Slogan bence sorunlu evet; ama bir yandan da görüyorum ki sloganın ardındaki duruş da slogan kadar sorunlu. Alternatif üretmeyen, problemin asıl kaynağına işaret etmeyen bir karşı çıkış bu. Politik doğruculuk uğruna kimsenin söylemeye yanaşmadığını açıkça söyleyeceğim. Burada herkesin etrafından dolandığı ama bir türlü dokunmadığı temel sorun, Kültür Park için üretilen tasarımın dişe dokunur hiçbir yeni şey söylemiyor oluşudur maalesef. Elbette ortaya böyle vasat bir iş çıkmasının sorumlusu yalnızca müellif olamaz. Az önce de anlatmaya çalıştığım gibi iyi proje için iyi kurgulanmış bir süreç gerekir. Kapalı, şeffaflıktan uzak, farklı angajmanların esiri olmuş bir proje elde etme sürecinin sonucunda çağdaş dünya standartlarında niteliklere sahip bir ürün beklemek saflık olurdu doğrusu.
Türkiye’de özellikle mimarlık alanında meslektaşlar arasında sanki görünmez bir eleştiri duvarı var. Ortada kamuyu doğrudan ilgilendiren bir konu olmadıkça da bu duvar asla aşılmıyor. Bunun en yakın örneği Haliç Tersanesi işi sanırım. Oradaki proje müelliflerine karşı koparılan kıyametin -ki ortada proje dahi yokken- bir benzerinin burada Kültür Park projesi müellifi için koparılması gerekirken kimseden çıt çıkmıyor. Kimseden çıt çıkmadığı ve eleştirinin ekseninin yanlış yöne kaydığı bir ortamda da tepkileri asıl üstüne alınması gereken aktör olan proje müellifi, akıllıca davranarak olanı biteni görmezden geliyor olsa gerek. Kimse proje eleştirisi yapmıyor ki, müellif çıkıp projesini savunsun. Ağaçların derdinde herkes.
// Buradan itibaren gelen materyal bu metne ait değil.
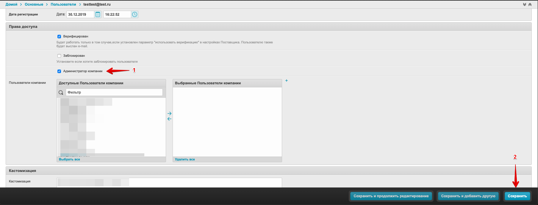 Выберите нужного пользователя, которому вы хотите предоставить возможность заводить пользователей связанных с покупателем, и перейдите на страницу настроек, кликнув по логину: В разделе Права доступа установите чекбокс Администратор компании и нажмите Сохранить: В меню этого личного кабинета появится раздел Админ.Компании: Для создания нового Пользователя необходимо кликнуть по кнопке Создать пользователя: Далее необходимо заполнить данные пользователя: После сохранения данных будет показано уведомление о успешном создании Пользователя: При клике на кнопку Вернуться к списку откроется страница со списком созданных пользователей через этот аккаунт: Пользователь также доступен в разделе Пользователи административной панели проекта: Пользователю будет доступен обычный функционал личного кабинета Покупателя: Администратор компании может заблокировать и разблокировать созданных пользователей в разделе Администрирование компании: Администратор компании может авторизоваться в созданном аккаунте пользователя компании с помощь кнопки Вход в блоке Личный кабинет: |

Bütün tartışma yeşil alan meselesi üzerinden yürüyor. Hal böyle olunca da ağaçlar ve yeşil alan konusunda elinden geleni yaptığını düşünen yerel yönetim de savunmasını bu kanaldan kuruyor. Müellif ise doğal olarak hiç bu topa girmiyor bile. Fakat ne olursa olsun, kentlileri bu kadar yakından ilgilendiren bir konunun tasarımının emanet edildiği proje müellifinin çıkıp göğsünü gere gere savunması beklenir projesini. Eğer Kültür Park gibi bir alanı tasarlamaya yetkin bir müellifseniz -ki bu çaptaki bir işi aldığınıza göre yetkinlikle ilgili bir sorun olmasa gerek- tasarımla ilgili tüm sorumluluğu da baştan kabul etmişsiniz demektir.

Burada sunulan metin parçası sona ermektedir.